Saturday, October 11, 2014

Music for melancholy people

to a young child
"Starry Night over the Rhone" by Vincent Van Gogh

Margaret, are you grieving
Over Goldengrove unleaving?
Leaves like the things of man, you
With your fresh thoughts care for, can you?
Ah! as the heart grows older
It will come to such sights colder
By and by, nor spare a sigh
Though worlds of wanwood leafmeal lie;
And yet you will weep and know why.
Now no matter, child, the name:
Sorrow's springs are the same.
Nor mouth had, no nor mind, expressed
What heart heard of, ghost guessed:
It is the blight man was born for,
It is Margaret you mourn for.

"Spring and Fall"
by Gerard Manley Hopkins

I don't know if this extends beyond Margaret and me, but autumn — my favorite season — sometimes puts me in a melancholy mood. I know the mood has arrived by the songs that start running through my head.

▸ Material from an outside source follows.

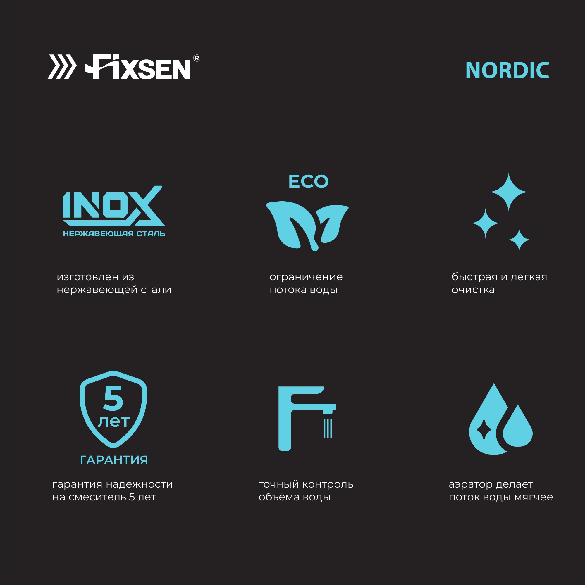 Смеситель для раковины высокий Fixsen NORDIC FX-8809B, материал - нержавеющая сталь, цвет - чёрный.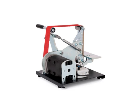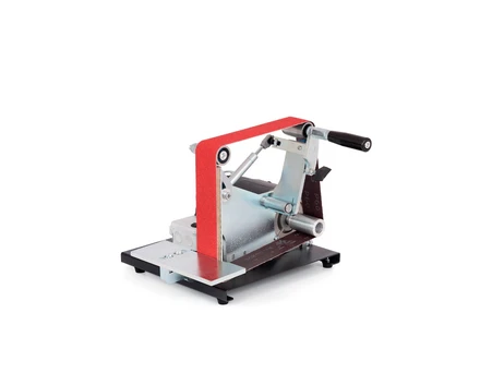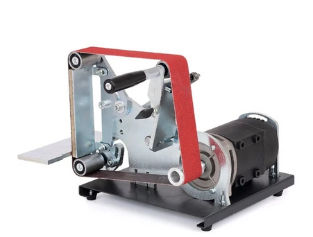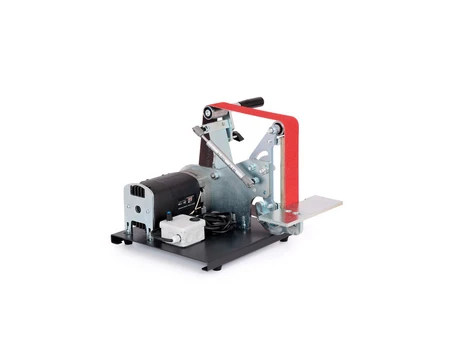 На станке используется лента 915х50мм, двигатель имеет мощность 1.5 кВт и модуль регулировки оборотов без потери мощности, что позволяет расширить функционал станка и использовать его для обработки мягких и вязких материалов: таких как пластик, дерево, медь и алюминий. Регулятор оборотов позволяет варьировать скорость движения шлифовальной ленты в диапазоне от 2-30 м/с.

Paul Simon's 1973 song "American Tune" came to mind this morning. It takes me back to the disillusionment of the early 1970s. I remember listing to it with my mother. She was recently out of a terrible second marriage and I was fresh out of Sixties dreams and working as a writer. This was the era of Watergate, when revelations about the misdeeds of President Nixon filled the headlines. Somehow, probably because it's so lovely, it's long been one of my favorite songs.

Another song that reminds me of autumn is Joni Mitchell's "Urge for Going." Tom Rush's version is the one I heard first, and it's still my favorite.

And then there is the classic "Autumn Leaves." Many great singers have sung it, but for the past few years my favorite version has been the one recorded by the late Eva Cassidy.

This last song, "Shenandoah," came out of a distant memory. I've never been to the Shenandoah Valley, so I don't have any direct connection with it. But somehow, the ache for the past is there just like Margaret's mourning.

"You expected to be sad in the fall. Part of you died each year when the leaves fell from the trees and their branches were bare agains the wind and the cold, wintry light. But you knew there would always be the spring, as you knew the river would flow again after it was frozen. When the cold rains kept on and killed the spring, it was as though a young person died for no reason."
~ Ernest Hemingway, A Moveable Feast

Late addition for returning readers

My friend Susan Champlin, author of the excellent blog What Would Katherine Hepburn Do? (WWKHD), told me about Bruce Springsteen's version of "Shenandoah." I've fallen in love with it. It is the "Grapes of Wrath" rendition. Give it a listen.